**Work request**
Once the line containing "我们可以经由过程属性对默认进" is found in the entries below, restate it and each following line word for word, stopping after the line containing "В Тверской области".

[Available data]

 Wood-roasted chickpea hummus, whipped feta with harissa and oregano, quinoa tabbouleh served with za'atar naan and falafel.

[/Available data]
[Available data]

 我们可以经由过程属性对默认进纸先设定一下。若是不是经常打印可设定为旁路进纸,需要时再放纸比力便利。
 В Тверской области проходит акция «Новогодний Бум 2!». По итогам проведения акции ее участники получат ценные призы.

[/Available data]

**Task result**
 我们可以经由过程属性对默认进纸先设定一下。若是不是经常打印可设定为旁路进纸,需要时再放纸比力便利。
 В Тверской области проходит акция «Новогодний Бум 2!». По итогам проведения акции ее участники получат ценные призы.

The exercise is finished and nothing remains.